Muksin dan Arsyad bingung ada seorang gadis yang ditawan bersama mereka.


“Bukannya ini pacarnya gus Sidiq, kenapa bisa ditangkap mereka ?” ucap Muksin kepada Arsyad setelah Jalu dan Ari pergi.


“Iya nih, kasihan dia pingsan tapi aku gak berani sentuh karena dia pacar gus Sidiq kang.” Jawab Arsyad.


“Kondisi darurat tidak papa, asal bukan kurang ajar kita bangunin saja.” Jawab Muksin.


“Kang Muksin saja kang, Arsyad gak berani.” Jawab Arsyad.


Kemudian Muksin mendekati Riska dan menggoyang goyangkan tubuh Riska.


“Mbak,,, mbak bangun mbak mbak pacarnya Gus Sidiq kan ?” Ucap Muksin membangunkan Riska dari pingsannya.


“Siapa kamu jangan kurang ajar ya !” ucap Riska sambil menampar Muksin.


“Tenang mbak, saya teman gus Sidiq dan gus Jafar saya juga ditawan di sini. Sama seperti mbak juga.” Jawab Muksin.


Riska jadi agak lega mendengar ucapan Muksin.


“Beneran kamu teman mas Sidiq dan Jafar dan disini juga kalian di tawan “ tanya Riska.


“Iya mbak, jangan khawatir saya tidak mungkin berani kurang ajar dengan pacar gus Sidiq.” Jawab Muksin.


“Aduh maaf ya, tadi reflek menampar kamu.” Ucap Riska menyesali telah menampar Muksin.
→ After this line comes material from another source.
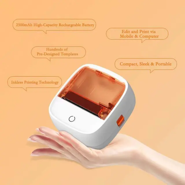 Prenosljivost in priročnost: Ta mini Bluetooth termični tiskalnik nalepk je zasnovan za vrhunsko prenosljivost. Njegova kompaktna velikost (9cm x 9.8cm x 4.8cm) vam omogoča, da ga enostavno prenašate v torbi ali žepu, zaradi česar je popoln za potrebe označevanja na poti. Ne glede na to, ali organizirate svoj dom, upravljate inventar za svoje majhno podjetje ali ustvarjate cenovne oznake na tržnici, ta prenosni tiskalnik nalepk ponuja neprimerljivo udobje. Brezžična povezljivost Bluetooth odpravlja potrebo po okornih kablih, kar vam omogoča tiskanje nalepk neposredno iz pametnega telefona ali tabličnega računalnika. Izkusite svobodo tiskanja nalepk kadarkoli in kjerkoli s tem kompaktnim in učinkovitim termičnim tiskalnikom nalepk.
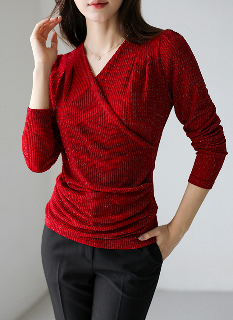 [LouisAngel] 샤인 펄 실키 텐션 볼륨 실루엣 셔링 랩 블라우스 티

“Gak papa kok mbak, owh iya nama saya Muksin dan ini Arsyad teman satu pesantren Jafar.” Ucap Muksin. Arsyad pun memberi salam dengan mengatupkan kedua tangannya di depan dada. Membuat Riska yakin dua orang itu adalah Santri teman Jafar.


“Kalian kenapa bisa di tawan disini juga ?” tanya Riska.


“Maksud kami mau mengintai Padepokan ini mbak tapi malah tertangkap. Tujuan kami mau melaporkan kepada Gus Sidiq dan gus Jafar.” Arsyad yang menjawab pertanyaan Riska.


Kemudian Muksin ikut menjelaskan Kronologis mereka bisa ditangkap saat mereka mengintai Padepokan tersebut.


Riska jadi semakin ketakutan mendengar cerita dari Muksin dan Arsyad. Kemudian mereka mendengar langkah kaki beberapa orang yang mendekati ruangan tersebut.


Dan ternyata adalah Jalu dan Gede Paneluh didampingi ki Marto Sentono.


“Owh ini, rupanya gadis pacarnya pemuda itu. cantik juga kalau saja bukan jadi jaminan aku tidak akan menyia nyiakan kesempatan menikmati gadis imut itu.” ucap ki Marto Sentono yang menatap liar kepada Riska. Membuat Riska semakin bertambah ketakutan.


“Ki Marto ini sudah tua juga masih doyan daun muda juga rupanya.” Ucap Gede Paneluh.


“Siapa juga yang nolak kalau lihat perempuan cantik begitu.” Ucap ki Marto Sentono.


“Jangan ki, gadis itu disukai oleh sepupuku tadi. Dan aku yang jamin dia gak akan kenapa napa.” Sahut Jalu.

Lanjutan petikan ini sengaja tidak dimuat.